Data for analysis ::
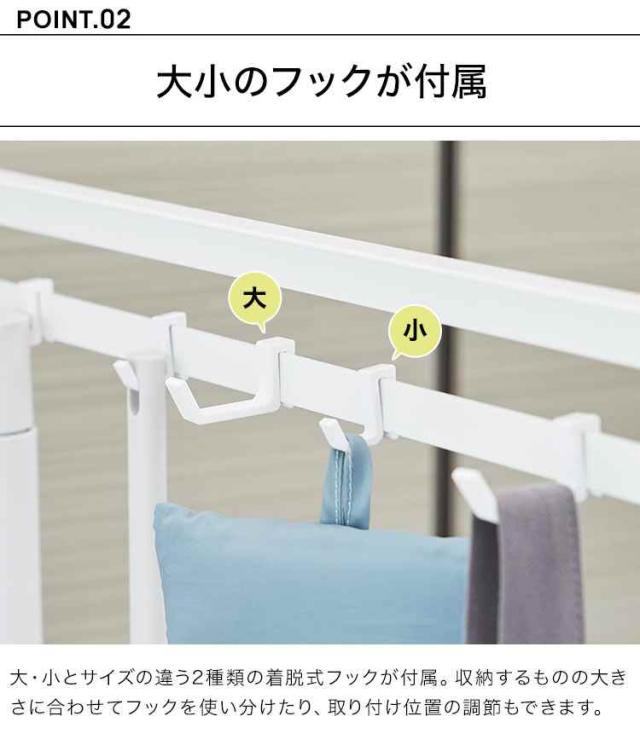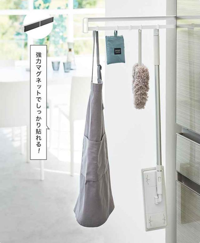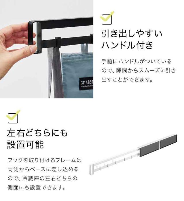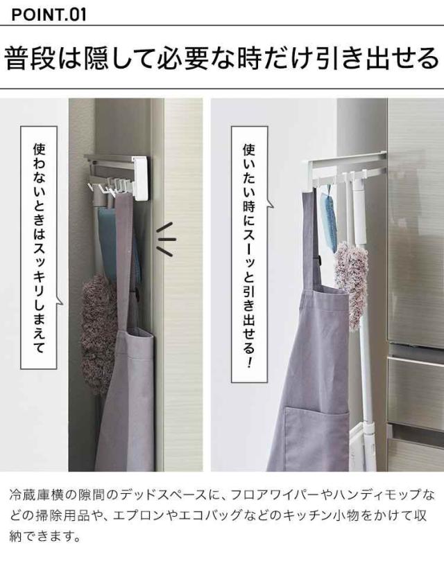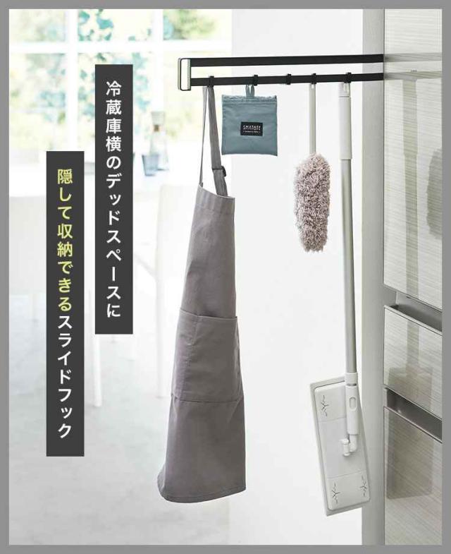 冷蔵庫横の隙間を有効活用!必要な時だけ引き出せるスライドフック。マグネットで冷蔵庫横に簡単取り付けできます。冷蔵庫横に、フロアワイパーやハンディモップなどの掃除用品や、エプロンやエコバッグなどのキッチン小物をかけて収納できます。収納する物に合わせて使い分けできる大小2種類のフックが付属。冷蔵庫専用。
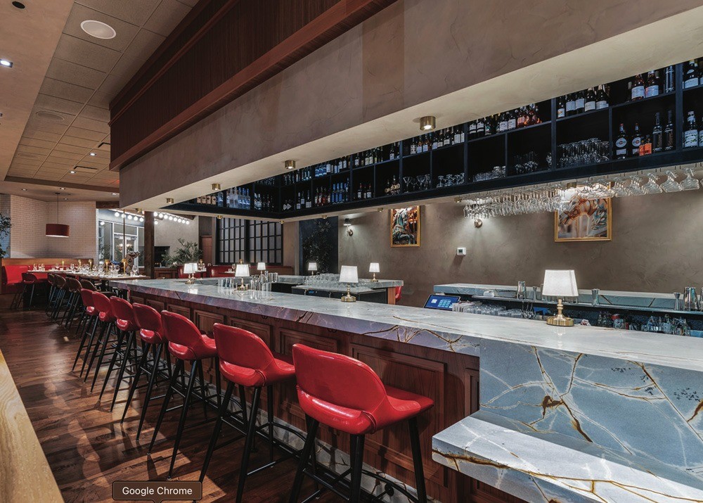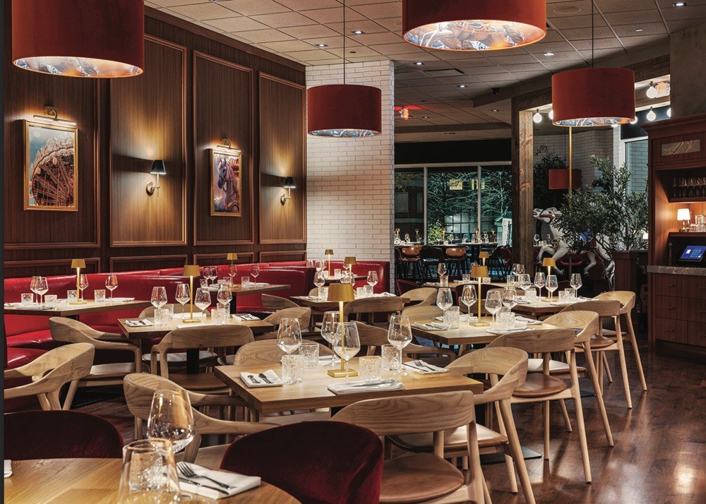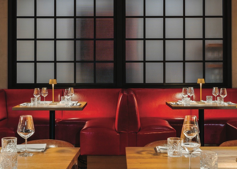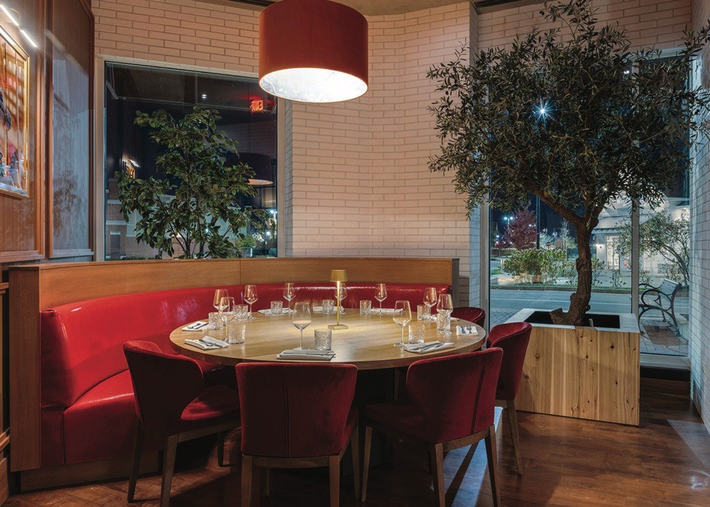 The bar features bright red booths that pay homage to classic Italian eateries and sleek bar stools with clean silhouettes to keep things modern. Greenery adds a touch of nature, creating a welcoming and balanced environment.
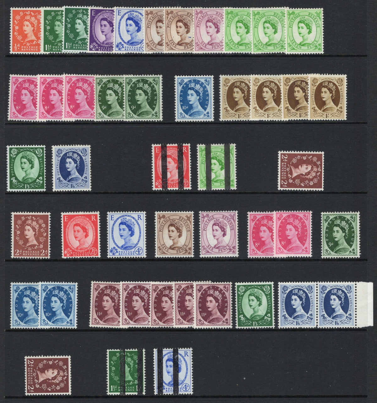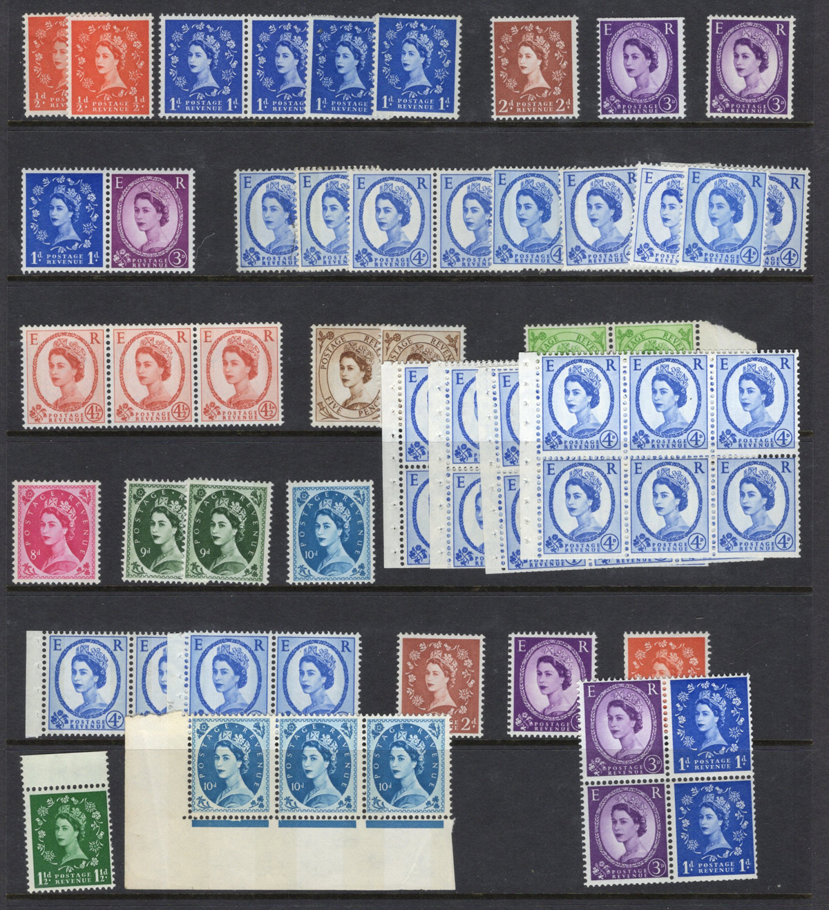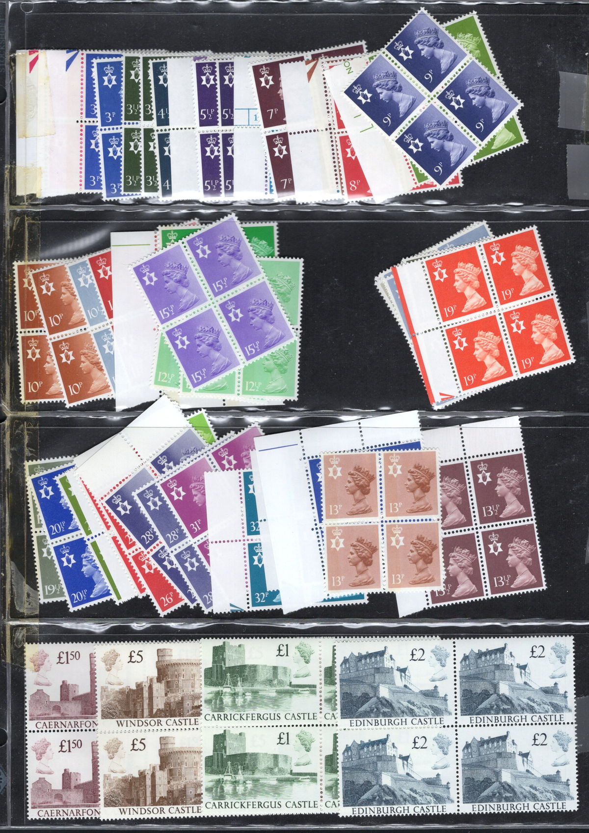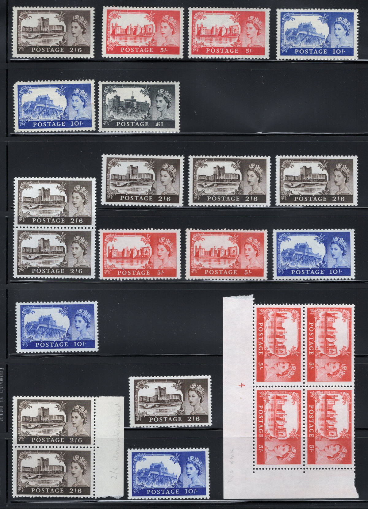 666 O/og/nh   imageCollection / Accumulation of Queen Elizabeth II Definitive Issues, in stock pages in a binder and on album pages. In the binder we note a page of mint Castles (a selection from all three printings, Scott c.v. about $458), followed by a collection of mint QEII Wilding issues filling three pages, with phosphor, complete sets, etc. the rest being 14 pages crammed with a holding of mint Machin issues, mostly in blocks of four, including a page full of "large format" high values, a block of 4 of the £10 value, etc. Also note an envelope containing over a dozen glassines full of more mint Machins and Wildings. Last but not least is a collection of Machins on 18 quadrille pages, mix of mint and used, covering a wide range of issues, incl. Regionals. Photos only show a portion of the lot, very fine throughout. (Scan 1) (Scan 2) (Scan 3) (Scan 4) (Scan 5) (Scan 6) (Scan 7) (Scan 8) (Scan 9) (Scan 10) (Scan 11) (All Scans) (All Images)
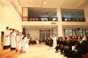 按立典礼在刘凤阙牧师的代祷下开始,神学院二年级的诗班献唱《我爱中国基督教会》,胡凯明牧师就马太福音11章25-30节的经文以《仆人的谦卑》为题,勉励即将被按立的牧师或长老要学习耶稣的谦卑、效法耶稣的谦卑、做信徒谦卑的好榜样。
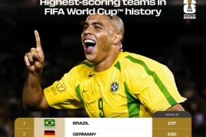 榜單上,巴西237球居首,德國232球緊隨其后,巴德斷檔前二,阿根廷152球第3,法國136球第4,意大利128球第5,西班牙、英格蘭、荷蘭、烏拉圭、匈牙利前10。
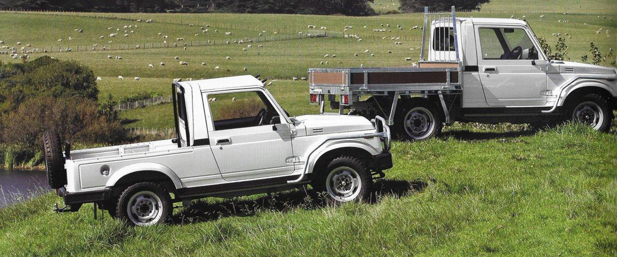 Com base na versão longa do Samurai, existem quatro versões disponíveis de carroçaria, tendo uma capacidade de carga de 500 kg. As quatro versões são o Farm Worker Versatile, equipado com bancos traseiros e tecto de lona, o Farm Worker Multi-purpose, equipado com caixa aberta que poderia vir com armação para transporte de animais, o Farm Worker Wellside, equipado com tejadilho em fibra de vidro e caixa de carga, e o Farm Worker Flatdeck, equipado com tejadilho em fibra de vidro e caixa de carga em madeira, este último era construído em exclusivo na Nova Zelândia pela Smiths. De origem vinha equipado com pneus Maxxis Trepador e como extra poderia vir com rádio CD da Sony.
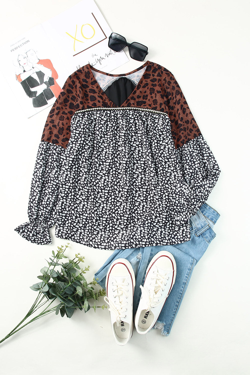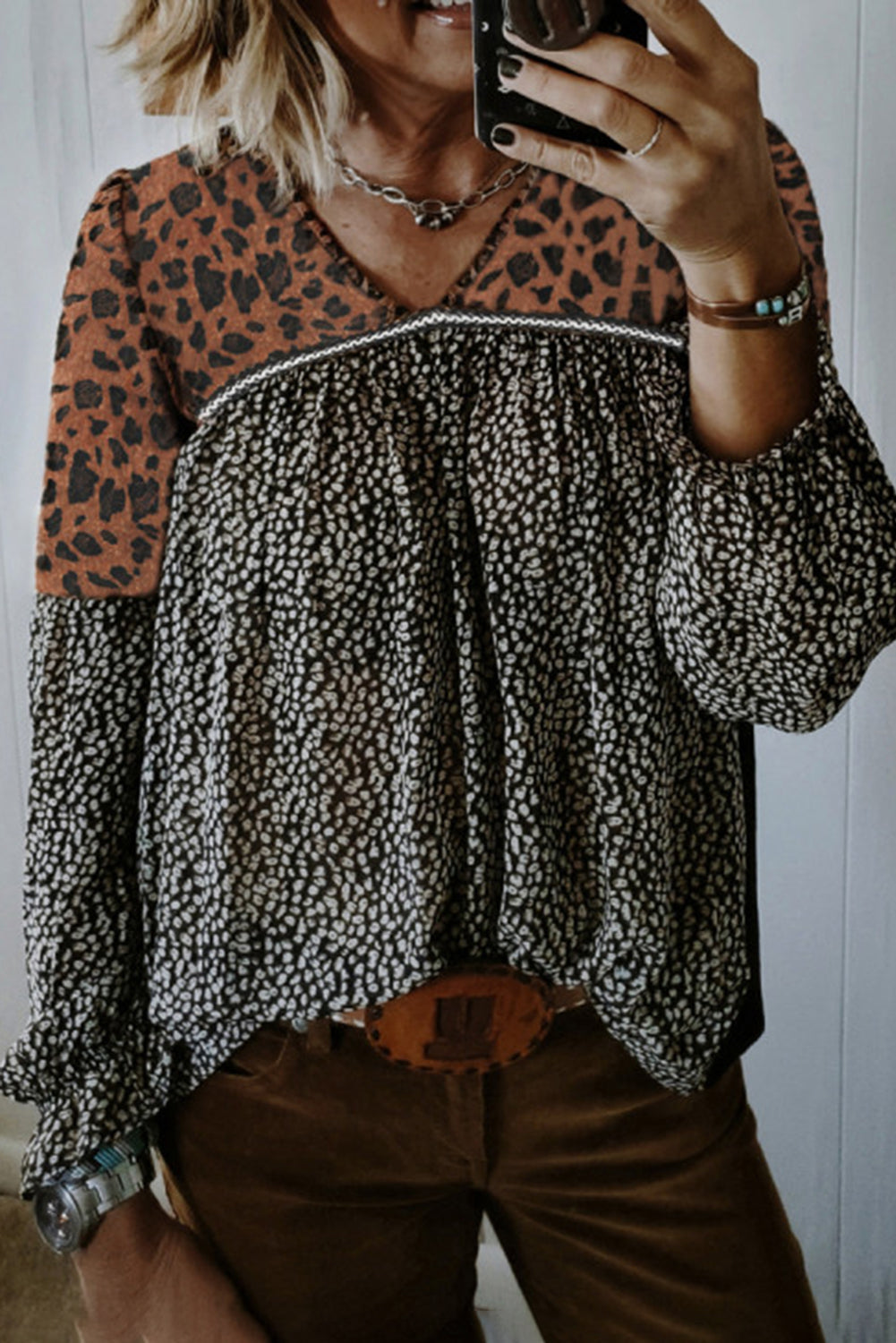 - Distinctive leopard yoke, ditsy spliced balloon sleeves
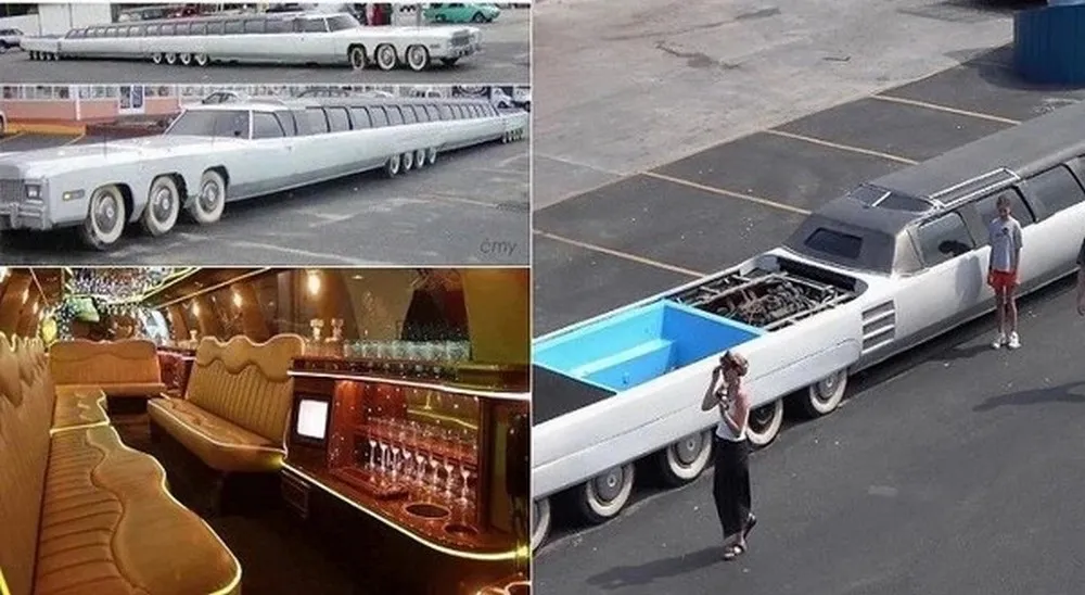 The car has luxury amenities like a swimming pool, jacuzzi, waterbed, mini-golf course and bathtub inside the car.
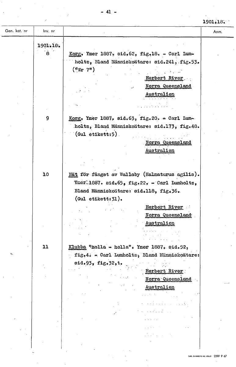 - 41 - 1901:18: 19010.8: 8 Korg. Ymer 1887, sid.62, fig.18. - Carl Lum- holt% Bland Människoätare: sid0241,fig.534 (1Nr 7") Hörbert.River Norra Queensland Australien 9 Korg. Ymer 1887. sid.63,fig.20. ...
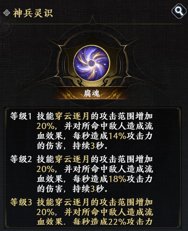 技能【穿云逐月】的攻击范围增加,并对所命中敌人造成流血效果,每秒造成百分比攻击力的伤害,持续若干秒。 它与【霜蚀】互斥,二者只能选一个点亮。【腐魂】以伤害为主,适用于大部分PVE场景,或想在PVP中想要打出爆发伤害,也可以选择点亮该灵识。

Exercise instructions :: Transcribe all the entries precisely. Do not include any picture.

Exercise solution ::
 冷蔵庫横の隙間を有効活用!必要な時だけ引き出せるスライドフック。マグネットで冷蔵庫横に簡単取り付けできます。冷蔵庫横に、フロアワイパーやハンディモップなどの掃除用品や、エプロンやエコバッグなどのキッチン小物をかけて収納できます。収納する物に合わせて使い分けできる大小2種類のフックが付属。冷蔵庫専用。
 The bar features bright red booths that pay homage to classic Italian eateries and sleek bar stools with clean silhouettes to keep things modern. Greenery adds a touch of nature, creating a welcoming and balanced environment.
 666 O/og/nh   imageCollection / Accumulation of Queen Elizabeth II Definitive Issues, in stock pages in a binder and on album pages. In the binder we note a page of mint Castles (a selection from all three printings, Scott c.v. about $458), followed by a collection of mint QEII Wilding issues filling three pages, with phosphor, complete sets, etc. the rest being 14 pages crammed with a holding of mint Machin issues, mostly in blocks of four, including a page full of "large format" high values, a block of 4 of the £10 value, etc. Also note an envelope containing over a dozen glassines full of more mint Machins and Wildings. Last but not least is a collection of Machins on 18 quadrille pages, mix of mint and used, covering a wide range of issues, incl. Regionals. Photos only show a portion of the lot, very fine throughout. (Scan 1) (Scan 2) (Scan 3) (Scan 4) (Scan 5) (Scan 6) (Scan 7) (Scan 8) (Scan 9) (Scan 10) (Scan 11) (All Scans) (All Images)
 按立典礼在刘凤阙牧师的代祷下开始,神学院二年级的诗班献唱《我爱中国基督教会》,胡凯明牧师就马太福音11章25-30节的经文以《仆人的谦卑》为题,勉励即将被按立的牧师或长老要学习耶稣的谦卑、效法耶稣的谦卑、做信徒谦卑的好榜样。
 榜單上,巴西237球居首,德國232球緊隨其后,巴德斷檔前二,阿根廷152球第3,法國136球第4,意大利128球第5,西班牙、英格蘭、荷蘭、烏拉圭、匈牙利前10。
 Com base na versão longa do Samurai, existem quatro versões disponíveis de carroçaria, tendo uma capacidade de carga de 500 kg. As quatro versões são o Farm Worker Versatile, equipado com bancos traseiros e tecto de lona, o Farm Worker Multi-purpose, equipado com caixa aberta que poderia vir com armação para transporte de animais, o Farm Worker Wellside, equipado com tejadilho em fibra de vidro e caixa de carga, e o Farm Worker Flatdeck, equipado com tejadilho em fibra de vidro e caixa de carga em madeira, este último era construído em exclusivo na Nova Zelândia pela Smiths. De origem vinha equipado com pneus Maxxis Trepador e como extra poderia vir com rádio CD da Sony.
 - Distinctive leopard yoke, ditsy spliced balloon sleeves
 The car has luxury amenities like a swimming pool, jacuzzi, waterbed, mini-golf course and bathtub inside the car.
 - 41 - 1901:18: 19010.8: 8 Korg. Ymer 1887, sid.62, fig.18. - Carl Lum- holt% Bland Människoätare: sid0241,fig.534 (1Nr 7") Hörbert.River Norra Queensland Australien 9 Korg. Ymer 1887. sid.63,fig.20. ...
 技能【穿云逐月】的攻击范围增加,并对所命中敌人造成流血效果,每秒造成百分比攻击力的伤害,持续若干秒。 它与【霜蚀】互斥,二者只能选一个点亮。【腐魂】以伤害为主,适用于大部分PVE场景,或想在PVP中想要打出爆发伤害,也可以选择点亮该灵识。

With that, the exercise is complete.